Sunday, May 13, 2018

Cultivating The Mystique Of The Forbidden


NYTimes  |  To the alt-right, of course, being red-pilled means abandoning liberalism as a lie. It means treating one’s own prejudices as intuitions rather than distortions to be overcome. The act of doing this — casting off socially acceptable values in favor of those that were once unthinkable — creates the edgy energy that has, of late, attracted Kanye West. (West’s sojourn on the alt-right has been facilitated in part by Candace Owens, a conspiracy-minded African-American conservative who created the website Red Pill Black.)

Because the red pill experience is so intense, progressives should think about how to counter dynamics that can make banal right wing beliefs seem like seductive secret knowledge. Attempts at simply repressing bad ideas don’t seem to be working.
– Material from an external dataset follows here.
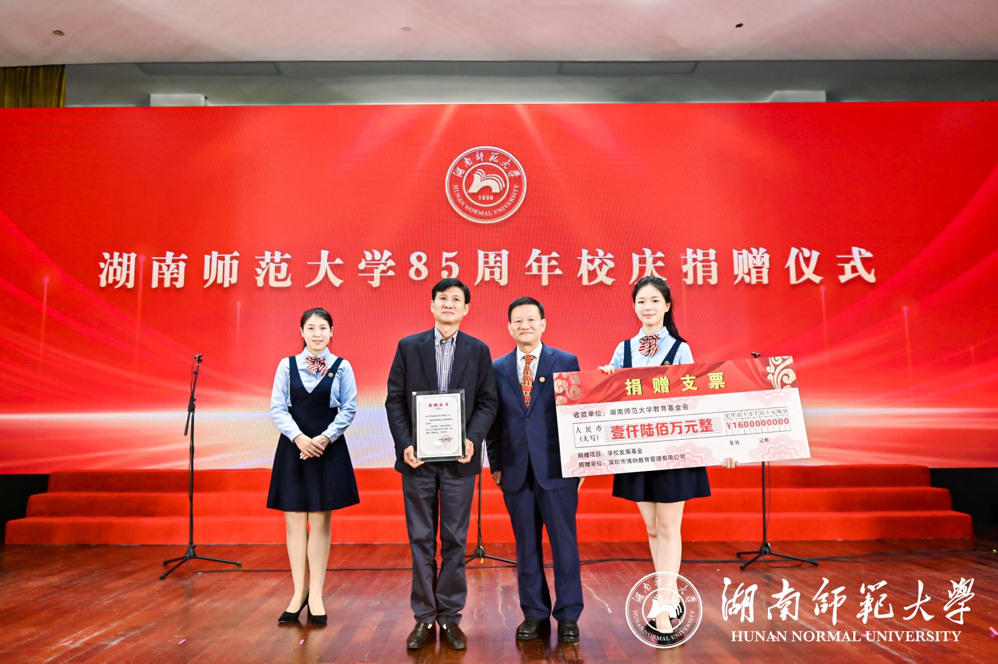 蒋洪新对深圳市博纳教育管理有限公司、山东奥德城投开发有限公司以及衡阳市中心医院的爱心义举表示衷心的感谢,并向捐赠方颁发捐赠证书。他说,近年来,学校积极推进校企校地合作,各项事业成效显著,办学水平大幅提升。在我校85周年校庆之际,深圳博纳、山东奥德以及衡阳市中心医院携手,支持我校建设发展,充分体现了对教育事业的高度重视和远见卓识。学校将努力打造校企医教融合、资源优势共享的协作平台,促进协同发展,实现多方共赢。
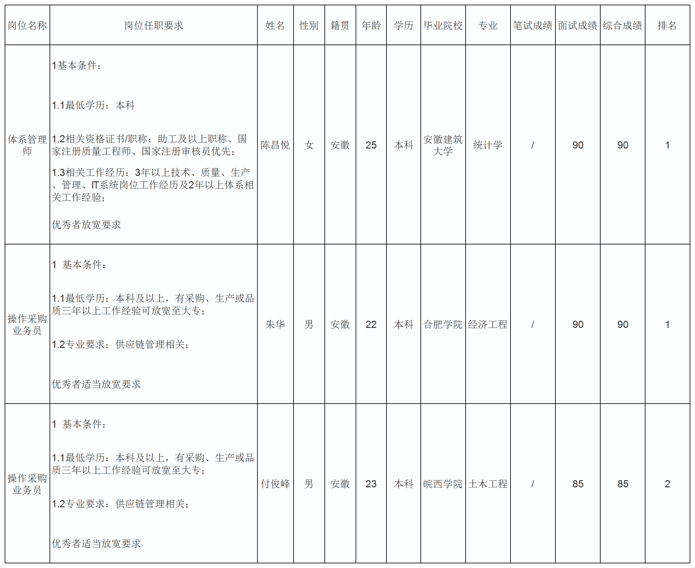 根據(jù)長虹美菱股份有限公司發(fā)布的招聘公告及招聘相關(guān)規(guī)定,經(jīng)面試等序,現(xiàn)將面試成績予以公示。

To be clear: I don’t think the members of the alt-right or the Intellectual Dark Web — which overlap in places but are quite different — are repressed. The latter regularly appear on television; write for the op-ed pages of leading newspapers, including this one; publish best-selling books; and give speeches to large crowds. They haven’t been blackballed like Colin Kaepernick, who lost his football career for kneeling during the national anthem in protest of police brutality. No state has passed laws denying government contracts to critics of political correctness; such measures are only for supporters of the Boycott, Divestment and Sanctions movement against Israel.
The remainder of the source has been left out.